Much in Geov's article is not widely known. As a critical reader, I would
like to ask him to provide citations for such information as
the number and size of Boeing's D.C. lobbying firms,
the amount of its contributions to the Hungarian NATO membership
campaign,
its environmental record,
the relative size of its commercial R&D funding sources, and
the amount, or lack thereof, of federal taxes it paid in 1995.
Although I expect the information is openly available, it appears
piecemeal when one is not looking for it and takes a lot of effort to track
down when one is looking for it. Since Geov has already done that research,
I ask that he please share it with his readers. For the same reason, it
would be very helpful if ETS! includes references in future such articles.

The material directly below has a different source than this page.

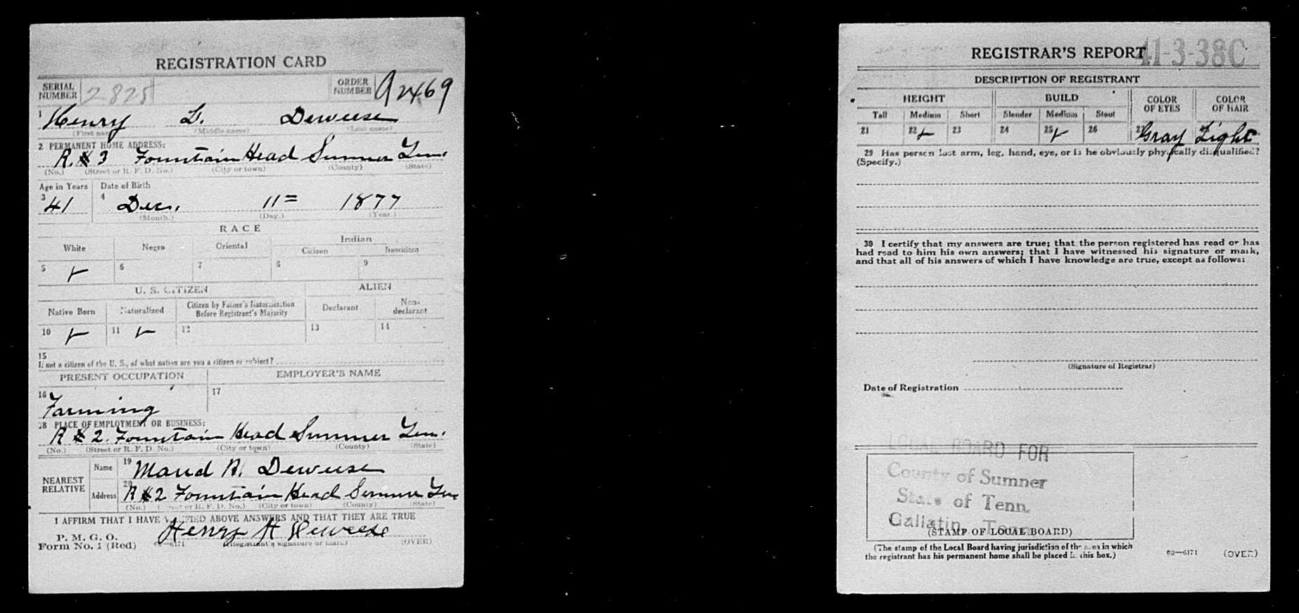 5121. Deweese, Henry L, World War I, 1917, TN, 2825, “United States World War I Draft Registration Cards, 1917-1918,” June 5, 1917, Gallatin, Sumner County, TN, https://www.familysearch.org/ark:/61903/1:1:KZ65-Q8S.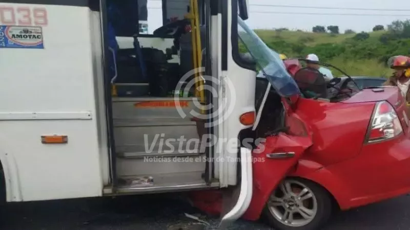 Mueren 5 personas, 3 de ellas menores de edad, tras choque entre automóvil y camión de pasajeros en Alvarado, Veracruz

This would provide a place "to start," by letting readers know where they
can find out more.
A piece containing references also presents a more solid case to those who
would not already agree with its arguments.
Keep up the good work,
--Andrew Fung, Kirkland
G.P. replies: At present we don't have room for footnotes or citations,
but are happy to pass along source info to whomever asks. (Except, of
course, when we make shit up.) For the Boeing article, Ken Silverstein has
had several excellent articles (Feb 1-15 97 CounterPunch, May 97 Harper's)

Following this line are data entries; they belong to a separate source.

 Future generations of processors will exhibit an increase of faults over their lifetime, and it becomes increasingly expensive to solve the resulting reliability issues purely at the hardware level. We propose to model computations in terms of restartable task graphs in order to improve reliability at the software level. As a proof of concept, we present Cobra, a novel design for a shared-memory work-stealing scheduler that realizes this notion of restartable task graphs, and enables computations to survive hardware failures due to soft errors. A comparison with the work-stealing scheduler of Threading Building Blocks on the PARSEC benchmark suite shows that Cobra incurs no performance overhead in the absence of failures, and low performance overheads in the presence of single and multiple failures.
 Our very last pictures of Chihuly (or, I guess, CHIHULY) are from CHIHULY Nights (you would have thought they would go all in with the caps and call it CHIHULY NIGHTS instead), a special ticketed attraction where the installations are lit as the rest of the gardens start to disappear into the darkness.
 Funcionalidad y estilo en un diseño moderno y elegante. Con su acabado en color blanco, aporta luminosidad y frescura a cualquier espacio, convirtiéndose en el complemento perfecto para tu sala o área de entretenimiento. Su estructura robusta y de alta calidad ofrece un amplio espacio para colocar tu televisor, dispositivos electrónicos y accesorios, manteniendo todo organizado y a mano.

on Boeing's lobbying, China ties, tax non-burdens, and arms deals. Locally,
the Stranger (2-6-97) and Weekly (9-24-97) had good info on who buys
Boeing's wares and the China connection. Center for Defense Information in
D.C., 202-862-0700, has great info on military budgets and contractors.
Articles on 2-2-98, the day after Clinton announced his latest budget, in
the Wash. Post & locally. Current news on the "restructuring" plan, racial
discrimination lawsuit, and lack of dividends brought it up to date. Throw
in Net sources (including a rather esoteric one from Central Europe on NATO
expansion), plus several articles on Boeing's production woes, outsourcing
practices, & enviro record. And, of course, there's Boeing's own web site,
with annual report (zzz), and its ever-helpful media relations office
(206-655-6123). There was probably other stuff in the folder I cribbed from,
too. We do it so readers don't have to!
Liquid Sodium Blues
Dear Gang of Inappropriate Anarchist Activists,
In the Mar. 24 ETS!, local misfits wrote: "...someone over at
Hanford is probably kicking themselves that they never used liquid sodium."
My memory may fail me here, but didn't the Fraud Faux Tax Flummery (FFTF)
reactor, beloved darling of Locke and Murray, use liquid sodium? I seem to
remember the concern over decommissioning it emanated from this, as
removing the metal would shut the thing down permanently. (They saw this as
bad, for some reason.)
Geek note: engineers just love the idea of liquid metal in power
plants, not just nuclear ones. Not only does a liquid-metal design make
them "cool" in the eyes of other geeks (my power plant is more exotic than
yours, nya nyah) but metals have a Prandtl number of 0.01 (water has a
Pr=7), meaning a huge efficiency for the heat exchangers, and
consequently for the power plant itself. This lead (pun intended!) to power
plants using mercury in their turbines. Apparently, cleanup costs did not
get counted in those cases, either!
Please keep up the usual good job of reporting real news, with real
attitude, that real people need to perform as real citizens in a real
republic--no matter how much all those ideas annoy the powers-that-be. An
extra round of accolades to Ms. Tomchick, who can explain economics so well
she must have been thrown out of an economics program for making too much
sense.
Power On,
--Tensor, Seattle
Ed. reply: Your memory is excellent. By any chance would you be
interested in coming in once a week and proofreading?